En parallèle, le régime a instauré un système de “cartes de passage frontalier”, censé autoriser les habitants à transporter des biens dans des zones désignées. Mais pour les travailleurs et les militants, ce dispositif n’est qu’une façade : aucune assurance, aucune protection juridique, aucune véritable aide économique.
Face à la corruption et aux quotas restrictifs, nombre de kolbars sont contraints de retourner vers les routes illégales et mortelles.
Les défenseurs des droits humains estiment que ce système de cartes est un outil de contrôle économique et social, destiné à maintenir la dépendance des habitants frontaliers envers le régime et à étouffer toute revendication de droits économiques réels.
Le symptôme d’une pauvreté structurelle
Les experts économiques décrivent le koulbari comme le résultat direct d’une pauvreté structurelle et d’une discrimination régionale. Les provinces frontalières de l’ouest comptent les taux de chômage les plus élevés et les niveaux de développement les plus faibles du pays. Les usines y sont rares, les projets d’infrastructure inachevés depuis des années. Pour des milliers de familles, le koulbari n’est pas un choix, mais la seule source de revenus.
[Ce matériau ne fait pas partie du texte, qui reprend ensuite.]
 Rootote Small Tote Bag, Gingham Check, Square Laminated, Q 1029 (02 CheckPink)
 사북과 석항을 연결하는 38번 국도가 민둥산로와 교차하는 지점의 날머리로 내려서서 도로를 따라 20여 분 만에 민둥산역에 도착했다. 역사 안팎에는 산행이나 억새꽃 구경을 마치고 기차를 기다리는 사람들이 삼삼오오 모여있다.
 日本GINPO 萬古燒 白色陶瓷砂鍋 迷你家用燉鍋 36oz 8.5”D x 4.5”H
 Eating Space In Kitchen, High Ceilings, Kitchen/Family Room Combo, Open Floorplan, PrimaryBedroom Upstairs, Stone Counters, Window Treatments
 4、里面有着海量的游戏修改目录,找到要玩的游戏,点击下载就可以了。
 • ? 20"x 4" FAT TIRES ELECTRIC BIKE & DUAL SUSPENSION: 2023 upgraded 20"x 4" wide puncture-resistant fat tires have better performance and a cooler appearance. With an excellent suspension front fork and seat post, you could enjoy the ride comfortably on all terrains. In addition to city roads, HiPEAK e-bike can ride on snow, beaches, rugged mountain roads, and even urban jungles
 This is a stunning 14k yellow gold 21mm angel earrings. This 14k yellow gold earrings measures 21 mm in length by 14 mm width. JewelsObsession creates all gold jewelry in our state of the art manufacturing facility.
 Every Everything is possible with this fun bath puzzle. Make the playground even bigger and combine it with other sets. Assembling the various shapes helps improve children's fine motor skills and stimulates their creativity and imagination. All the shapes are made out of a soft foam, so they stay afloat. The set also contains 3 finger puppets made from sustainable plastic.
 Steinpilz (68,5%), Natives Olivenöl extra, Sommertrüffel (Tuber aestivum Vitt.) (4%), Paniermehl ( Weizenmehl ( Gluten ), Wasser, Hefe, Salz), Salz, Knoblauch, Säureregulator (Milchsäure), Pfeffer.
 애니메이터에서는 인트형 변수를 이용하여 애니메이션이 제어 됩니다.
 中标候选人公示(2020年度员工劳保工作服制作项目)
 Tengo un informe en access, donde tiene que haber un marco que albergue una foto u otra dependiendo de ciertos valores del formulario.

Depuis quatorze ans, la réponse de l’État est restée la même : répression systématique.
La flambée des morts en 2023 et la prétendue “baisse” en 2025 traduisent non une amélioration, mais la fermeture des routes traditionnelles par la militarisation. À chaque nouvelle restriction, les koulbars empruntent des chemins plus périlleux — falaises, champs de mines, crêtes gelées — pour survivre.
Silence, déni et censure
Le régime iranien ne publie aucun chiffre sur le nombre de koulbars, leurs décès ou la nature des marchandises transportées. Les seules informations disponibles proviennent des enquêtes de terrain, des témoignages de familles et des rapports d’ONG, révélant la volonté délibérée du régime de censurer et de “sécuriser” le sujet.
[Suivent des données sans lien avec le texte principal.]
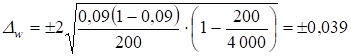 Второй пример. в 3%-ной выборке численностью 150 светильников 6 светильников оказались бракованными (ошибка выборки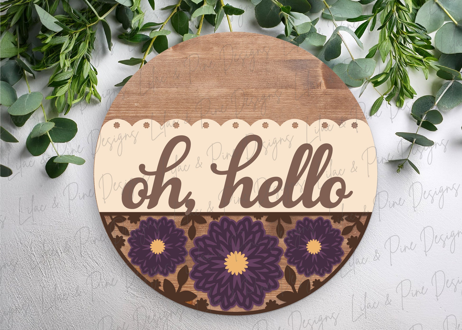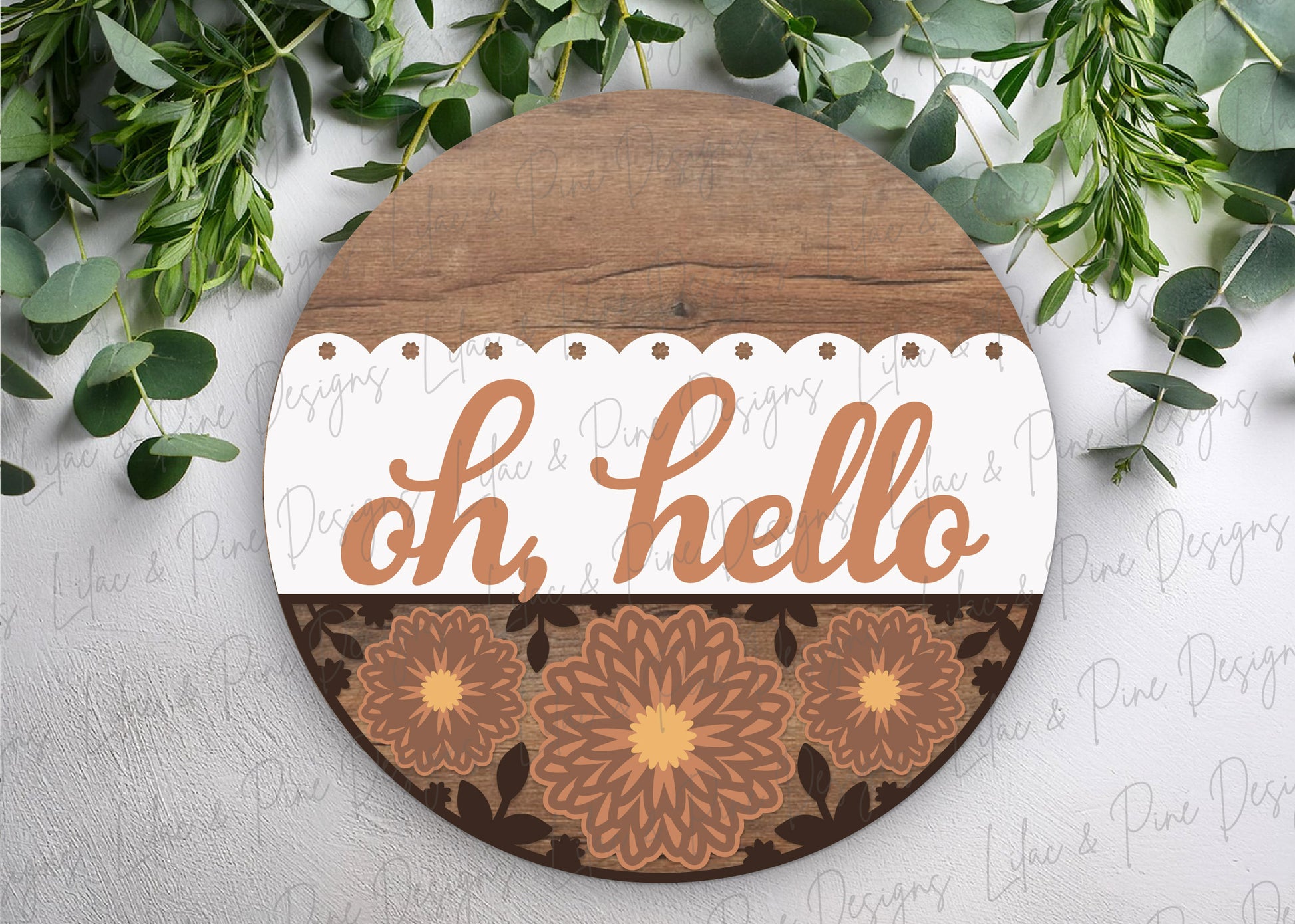Oh Hello Mum Round Door Hanger SVG -

Les analystes rappellent que le koulbari n’est pas un métier, mais une forme de coercition.
À travers des dispositifs comme la carte frontalière, le régime institutionnalise la dépendance et réprime toute contestation.
Comme le résume un observateur :
« Un homme qui devient koulbar ne réclame plus rien à l’État — il est trop occupé à rester en vie. »
Des enfants parmi les victimes
Ces dernières années, même des enfants et des adolescents ont été contraints de devenir koulbars.
Les organisations de défense des droits humains ont documenté des cas de mineurs tués ou blessés.
Tandis que les médias d’État qualifient les koulbars de « contrebandiers », pour les communautés frontalières, le kolbari incarne la vie elle-même — une vie sans sécurité, sans assurance, sans avenir.
Une plaie nationale ignorée
Malgré des années de critiques de la société civile et des militants locaux, le régime n’a proposé aucune solution réelle. Au contraire, il a approfondi son approche militarisée, transformant les régions frontalières en zones de sécurité plutôt qu’en pôles de développement.
Alors que la pauvreté, la répression et la négligence continuent de se croiser, le koulbari est devenu le miroir d’un État qui a abandonné ses citoyens, criminalisant leur survie tout en leur refusant la dignité.
Dans l’Iran d’aujourd’hui, le koulbari n’est pas un emploi — c’est une condamnation. Et tant que la pauvreté structurelle et les inégalités régionales persisteront, des milliers continueront à marcher sur ces sentiers gelés entre la vie et la mort, portant sur leurs épaules non seulement des marchandises, mais aussi le poids insoutenable d’un État en faillite.